- [Assignment]: Transcribe word for word the lines below from the line with "De hanglamp Bram" through the line with "一線の成衣のウールのセーター", ends included.

- [Data section]:

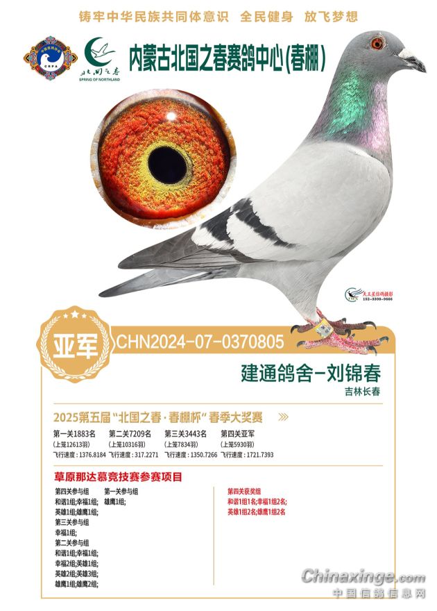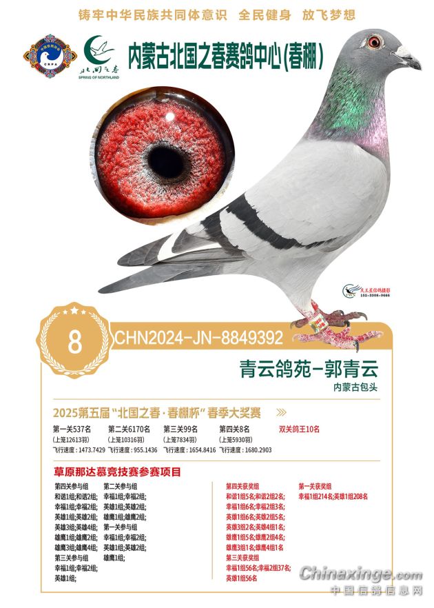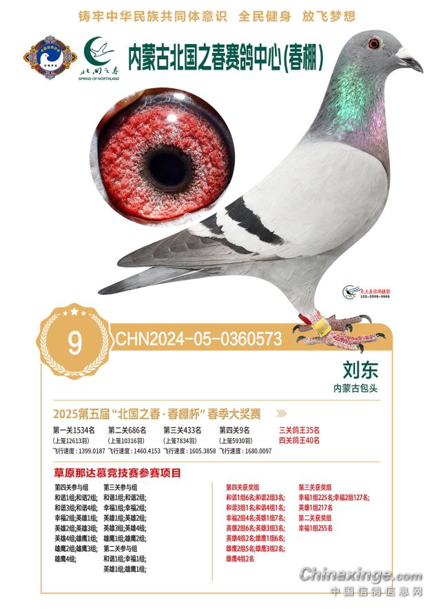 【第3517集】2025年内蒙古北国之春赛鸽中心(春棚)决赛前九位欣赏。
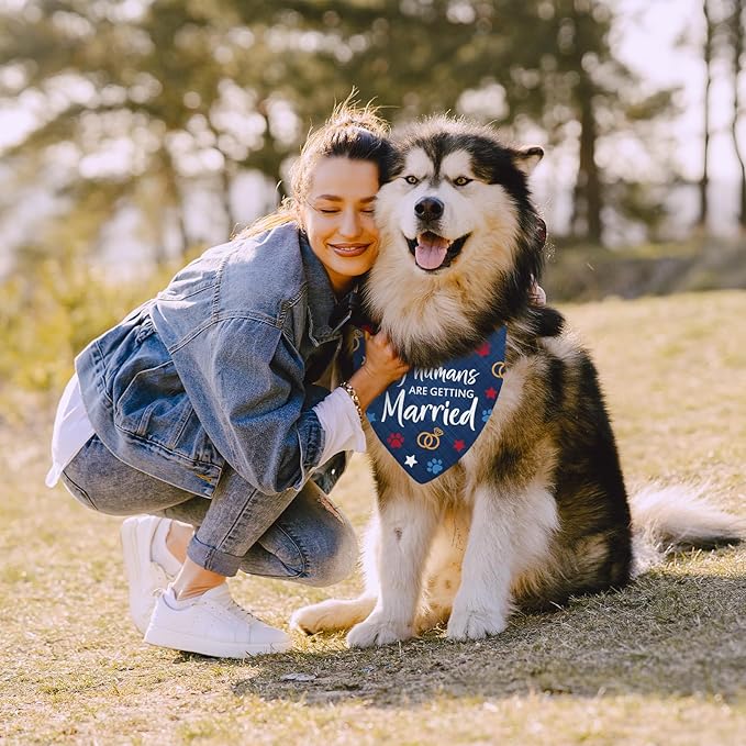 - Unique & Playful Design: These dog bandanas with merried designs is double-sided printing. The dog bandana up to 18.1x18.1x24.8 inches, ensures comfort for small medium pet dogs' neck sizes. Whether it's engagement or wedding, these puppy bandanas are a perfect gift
==
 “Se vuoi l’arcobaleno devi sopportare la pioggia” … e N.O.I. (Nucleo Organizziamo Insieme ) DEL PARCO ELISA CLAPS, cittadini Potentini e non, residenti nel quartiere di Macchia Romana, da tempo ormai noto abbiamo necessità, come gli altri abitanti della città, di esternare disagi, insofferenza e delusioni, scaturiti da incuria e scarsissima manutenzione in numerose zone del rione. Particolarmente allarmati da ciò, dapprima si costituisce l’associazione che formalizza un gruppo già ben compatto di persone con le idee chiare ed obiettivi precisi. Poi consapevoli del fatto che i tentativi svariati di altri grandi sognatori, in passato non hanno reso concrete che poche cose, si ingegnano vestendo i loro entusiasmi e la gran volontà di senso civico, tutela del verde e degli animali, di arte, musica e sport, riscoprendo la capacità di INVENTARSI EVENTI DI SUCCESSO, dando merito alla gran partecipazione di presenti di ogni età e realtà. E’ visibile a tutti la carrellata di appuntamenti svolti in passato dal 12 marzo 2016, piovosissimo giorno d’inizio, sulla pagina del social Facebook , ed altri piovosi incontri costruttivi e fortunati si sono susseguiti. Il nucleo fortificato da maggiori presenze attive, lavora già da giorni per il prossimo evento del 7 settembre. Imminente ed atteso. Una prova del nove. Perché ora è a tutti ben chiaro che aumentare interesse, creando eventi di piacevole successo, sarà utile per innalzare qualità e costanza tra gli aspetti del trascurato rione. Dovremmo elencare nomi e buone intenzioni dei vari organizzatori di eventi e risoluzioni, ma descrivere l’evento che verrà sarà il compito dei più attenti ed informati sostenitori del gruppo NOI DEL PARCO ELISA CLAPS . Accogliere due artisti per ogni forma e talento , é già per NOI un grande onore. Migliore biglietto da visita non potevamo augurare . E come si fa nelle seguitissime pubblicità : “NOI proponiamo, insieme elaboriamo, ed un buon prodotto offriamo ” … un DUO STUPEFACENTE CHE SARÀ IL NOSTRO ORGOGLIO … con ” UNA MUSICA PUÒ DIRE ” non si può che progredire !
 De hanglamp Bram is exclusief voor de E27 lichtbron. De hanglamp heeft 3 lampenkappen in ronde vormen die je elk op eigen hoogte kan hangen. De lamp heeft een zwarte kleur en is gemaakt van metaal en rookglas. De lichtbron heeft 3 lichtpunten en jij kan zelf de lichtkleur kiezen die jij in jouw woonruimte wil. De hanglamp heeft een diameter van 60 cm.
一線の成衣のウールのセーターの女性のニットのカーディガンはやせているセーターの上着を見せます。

- [Written solution]:
 De hanglamp Bram is exclusief voor de E27 lichtbron. De hanglamp heeft 3 lampenkappen in ronde vormen die je elk op eigen hoogte kan hangen. De lamp heeft een zwarte kleur en is gemaakt van metaal en rookglas. De lichtbron heeft 3 lichtpunten en jij kan zelf de lichtkleur kiezen die jij in jouw woonruimte wil. De hanglamp heeft een diameter van 60 cm.
一線の成衣のウールのセーターの女性のニットのカーディガンはやせているセーターの上着を見せます。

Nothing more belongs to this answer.